The juvenile fish are tagged and biologists monitor their movement and survival rates, which Ireland said are 60 percent through the first year and 90 percent thereafter. None of the released fish, however, have reached the mature spawning age of 25 to 30 years old, so Ireland said it’s impossible to know how many of those fish will be able to spawn in the wild, which is the ultimate goal. The Kootenai Tribe, along with operating the hatchery, is in charge of carrying out a habitat restoration plan and will have a master plan completed by the end of the year.

“White sturgeon have a cultural and a spiritual significance for the tribe,” Ireland said. “They are revered for their longevity.”

Much of the past decade has been marked by squabbles between environmental groups, such as the Center for Biological Diversity, and the Corps and FWS. Initial debate centered around a critical habitat designation and the adequacy of measures taken by the Corps to stay true to that designation, with Greenwald contending that the Corps “dragged its feet” and was “incredibly inept.” When discussion turned to releasing substantially more water from the dam via spillways, Montana and the Kootenai Tribe also intervened, on opposite sides, to protect their interests.

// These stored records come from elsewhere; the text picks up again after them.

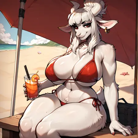 タグ: Goatlucifer、白髪、角、白い角、山羊の耳、山羊娘、山羊の角、フューリーな女性、白い毛、髪飾り、ルシファー\(helltaker\)
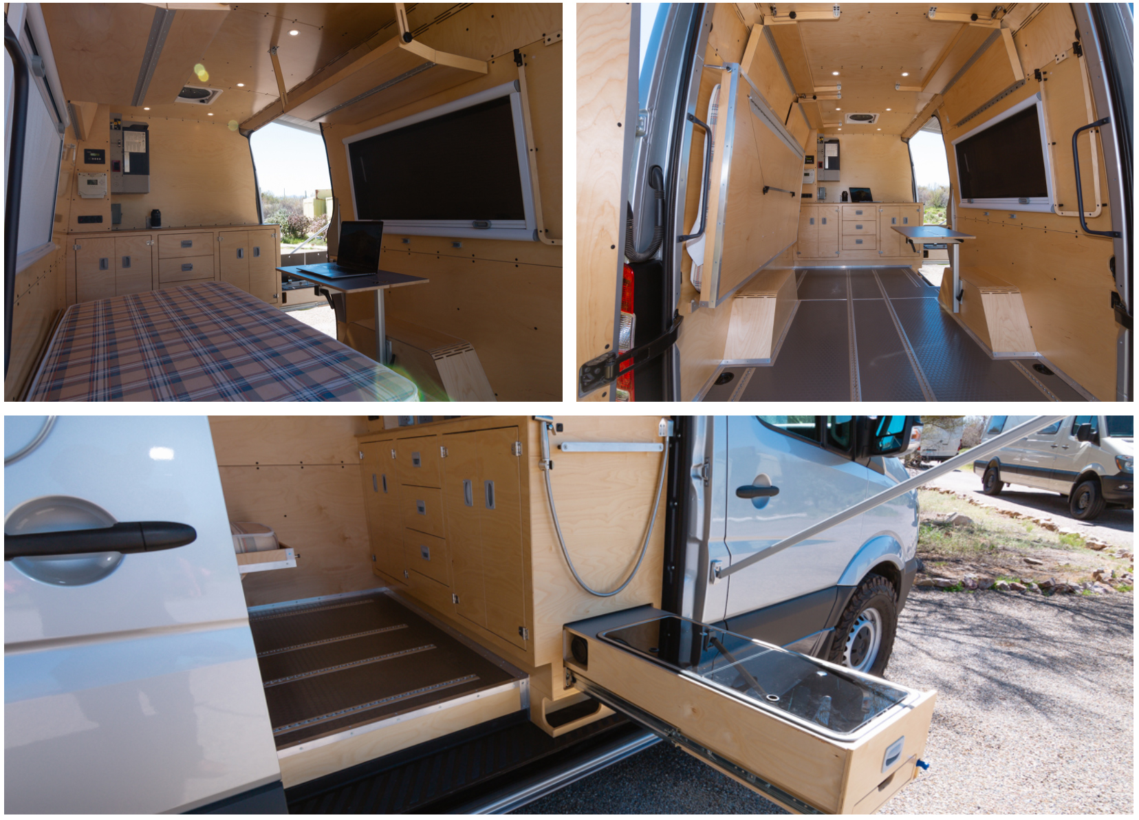 Campervans excel at providing a comfortable retreat for road trips and extended adventures, but because they are such specialized vehicles, they don’t multitask very well. For instance, very few upfitted Mercedes vans are going to function well for long-term travel and as work vehicles. But MVAV has an answer to this dilemma: their Minimalist and DIY models are both stripped down and multi-purpose in their design.
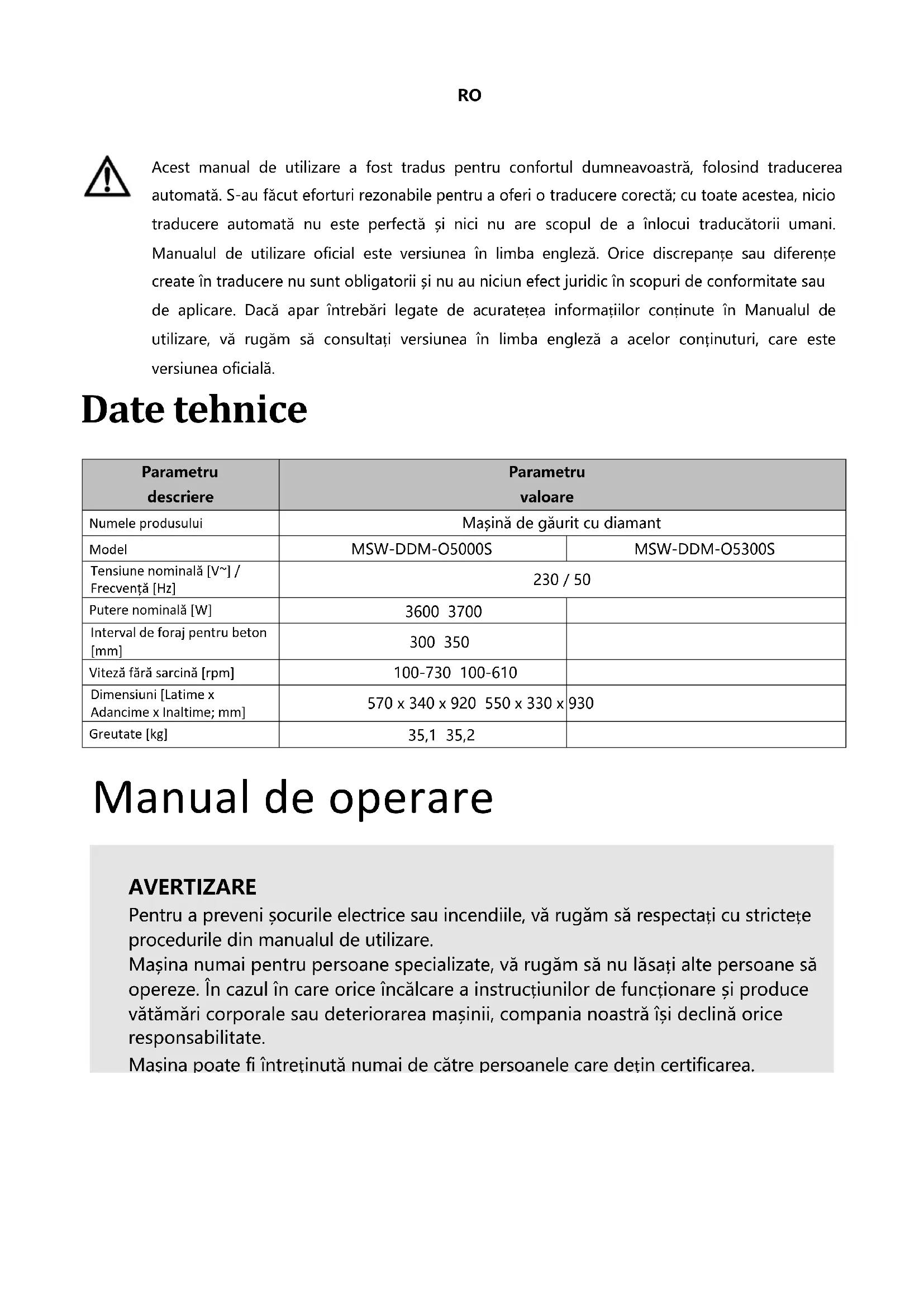 Tensiune nominală [V~] / Frecvență [Hz] 230 / 50 Putere nominală [W] 3600 3700 Interval de foraj pentru beton [mm] 300 350 Viteză fără sarcină [rpm] 100-730 100-610 Dimensiuni [Latime x Adancime x Inaltime; mm] 570 x 340 x 920 550 x 330 x 930 Greutate [kg] 35,1 35,2 Manual de operareRO

As it stands, the Corps will continue its efforts to maintain consistent water temperatures and find appropriate water flows through 2009. If those efforts are deemed insufficient by the various groups, the Corps may be authorized to release water in its spillways. Meanwhile, the Kootenai Tribe will work on its habitat restoration plan.

Greg Hoffman, a fisheries biologist for the Corps, said by using better technology and learning from past efforts, the Corps has figured out how to maintain consistent water temperatures over the past three years. That consistency, he said, is an encouraging sign for the future of sturgeon recovery.

“We’ve really got a handle on that consistent temperature, which really kind of emulates what happened pre-dam,” Hoffman said, “just trying to copy what Mother Nature did prior to the dam.”

With the historic agreement, Ireland marvels at how far recovery efforts have come.

“It’s grown from a small, low-capital project to a central project for the U.S. Fish and Wildlife,” Ireland said.